■ Supplied information
:::

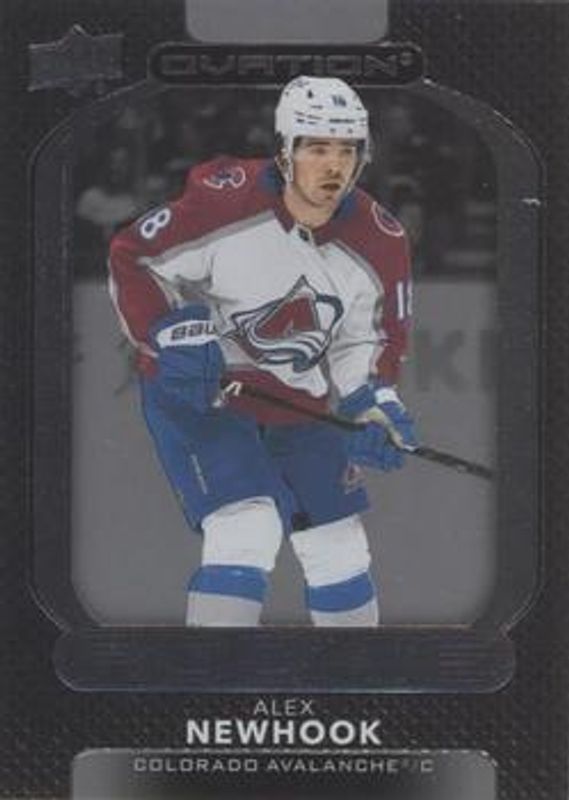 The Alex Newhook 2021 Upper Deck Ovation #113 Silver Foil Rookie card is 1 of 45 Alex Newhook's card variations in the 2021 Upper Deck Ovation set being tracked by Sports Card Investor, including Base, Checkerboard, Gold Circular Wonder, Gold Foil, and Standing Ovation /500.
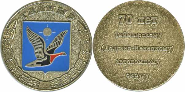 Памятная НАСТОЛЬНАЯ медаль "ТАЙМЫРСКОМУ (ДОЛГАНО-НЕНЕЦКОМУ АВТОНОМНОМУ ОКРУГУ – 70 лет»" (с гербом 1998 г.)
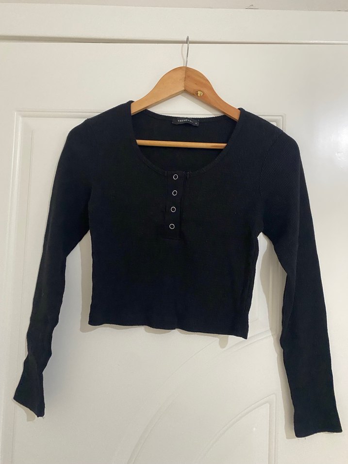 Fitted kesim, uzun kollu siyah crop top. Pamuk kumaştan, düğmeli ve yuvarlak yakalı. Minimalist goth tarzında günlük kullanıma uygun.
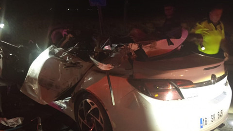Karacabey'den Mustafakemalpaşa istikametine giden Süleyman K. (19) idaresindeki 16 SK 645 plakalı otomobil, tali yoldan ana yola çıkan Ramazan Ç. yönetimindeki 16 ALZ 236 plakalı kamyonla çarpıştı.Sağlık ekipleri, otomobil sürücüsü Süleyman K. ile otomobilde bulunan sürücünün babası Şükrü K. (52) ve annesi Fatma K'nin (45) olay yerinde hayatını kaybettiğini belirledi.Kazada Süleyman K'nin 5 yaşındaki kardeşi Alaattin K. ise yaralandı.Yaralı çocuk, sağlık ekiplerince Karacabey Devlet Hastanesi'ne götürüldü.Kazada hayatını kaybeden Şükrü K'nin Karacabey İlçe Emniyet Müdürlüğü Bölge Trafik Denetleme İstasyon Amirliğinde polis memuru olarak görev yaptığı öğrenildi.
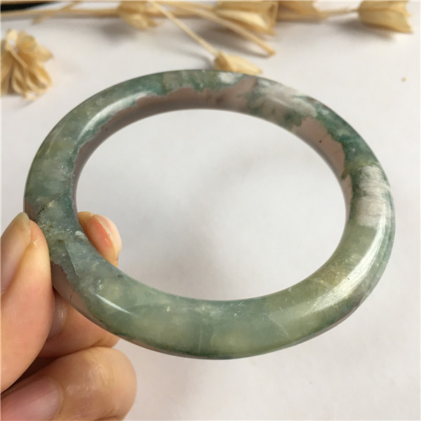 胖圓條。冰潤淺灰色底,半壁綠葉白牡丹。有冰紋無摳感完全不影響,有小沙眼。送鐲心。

:::

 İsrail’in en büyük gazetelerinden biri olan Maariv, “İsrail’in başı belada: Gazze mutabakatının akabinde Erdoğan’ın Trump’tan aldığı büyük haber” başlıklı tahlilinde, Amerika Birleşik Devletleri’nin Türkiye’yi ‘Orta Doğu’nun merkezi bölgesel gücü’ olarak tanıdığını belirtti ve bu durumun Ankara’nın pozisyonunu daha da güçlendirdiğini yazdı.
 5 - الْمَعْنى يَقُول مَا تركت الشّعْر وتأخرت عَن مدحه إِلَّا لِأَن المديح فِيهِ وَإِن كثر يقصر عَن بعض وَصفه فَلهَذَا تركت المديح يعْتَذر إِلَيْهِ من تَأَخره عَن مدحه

:::

■ What you need to do
Working from the records above, write out verbatim only the lines from the line containing "İsrail’in en büyük" through the line containing "5 - الْمَعْنى".

■ The answer
 İsrail’in en büyük gazetelerinden biri olan Maariv, “İsrail’in başı belada: Gazze mutabakatının akabinde Erdoğan’ın Trump’tan aldığı büyük haber” başlıklı tahlilinde, Amerika Birleşik Devletleri’nin Türkiye’yi ‘Orta Doğu’nun merkezi bölgesel gücü’ olarak tanıdığını belirtti ve bu durumun Ankara’nın pozisyonunu daha da güçlendirdiğini yazdı.
 5 - الْمَعْنى يَقُول مَا تركت الشّعْر وتأخرت عَن مدحه إِلَّا لِأَن المديح فِيهِ وَإِن كثر يقصر عَن بعض وَصفه فَلهَذَا تركت المديح يعْتَذر إِلَيْهِ من تَأَخره عَن مدحه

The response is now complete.